Дядя Фрэнк будто не замечал необычной молчаливости матери. Он продолжал изливать поток своих обычных жалоб о плохо приготовленном ужине, о сквозняке из задней двери, о слишком шумных соседских детях. Но Айви все видела. Плечи матери поникли ниже, чем когда-либо прежде, глаза как будто остекленели, не выражая больше никаких эмоций.
С самого начала, когда она узнала, что беременна от Алистера, Айви отчаянно искала с ним встречи. Она ведь рассказала ему о прекратившихся месячных, и хотя он лишь улыбнулся ей, велев ни о чем не беспокоиться, в его голосе сразу появились холодные ноты.
Он не пришел в субботу, чтобы как обычно прогуляться с ней за город, хотя она ждала этого все утро. Айви просидела в гостиной, одетая в новую светло-синюю трикотажную юбку и в белую блузку, слушая, как дядя Фрэнк крикливо комментирует репортаж о скачках по радио, но скоро поняла, что возлюбленный на этот раз не заедет за ней.

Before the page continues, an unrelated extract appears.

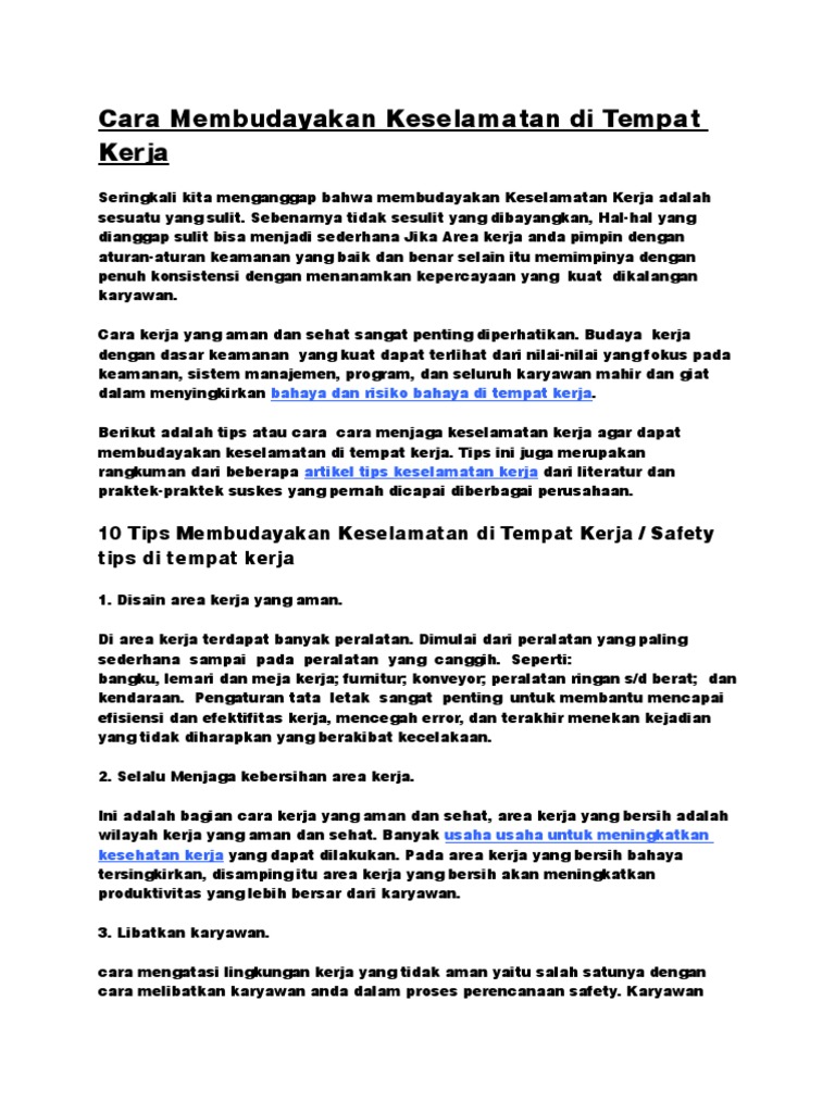 Selain untuk menjamin keberlanjutan perusahaan dalam menjalankan bisnisnya, penerapan prosedur keselamatan kerja di tempat kerja. Keselamatan dan kesehatan kerja di tempat kerja 3. mematuhi peranti keselamatan pada mesin yang sesuai. Kecuaian boleh membahayakan diri dan orang lain serta menyebabkan kerosakan kepada peralatan. 10 tios membudayakan keselamatan di tempat kerja/safety panduan dalam tempat kerja.

На следующий вечер она в отчаянии, тайком от всех, отправилась в «Престон армз» – паб, где обычно любил пить пиво Алистер. Она прошла через окутанный табачным дымом зал, опасливо кутаясь в плащ, и разыскала подружку игрока из его футбольной команды. Набралась смелости и попросила передать Алистеру, что ей необходимо срочно встретиться с ним. Девушка с улыбкой пообещала ей помочь, но как только Айви отвернулась от них, то услышала смех ее приятеля за спиной.
– Похоже, Эл[6] подцепил еще одну девчонку, заставил сохнуть по себе, а теперь бросил.
– Не язви, – попыталась одернуть его девушка. – Многие из нас побывали в таком же положении. Знаем, каково это.
Но когда Айви повернулась, то заметила, что оба посмеиваются над ней, и поспешила поскорее выбраться из паба на тихую улочку.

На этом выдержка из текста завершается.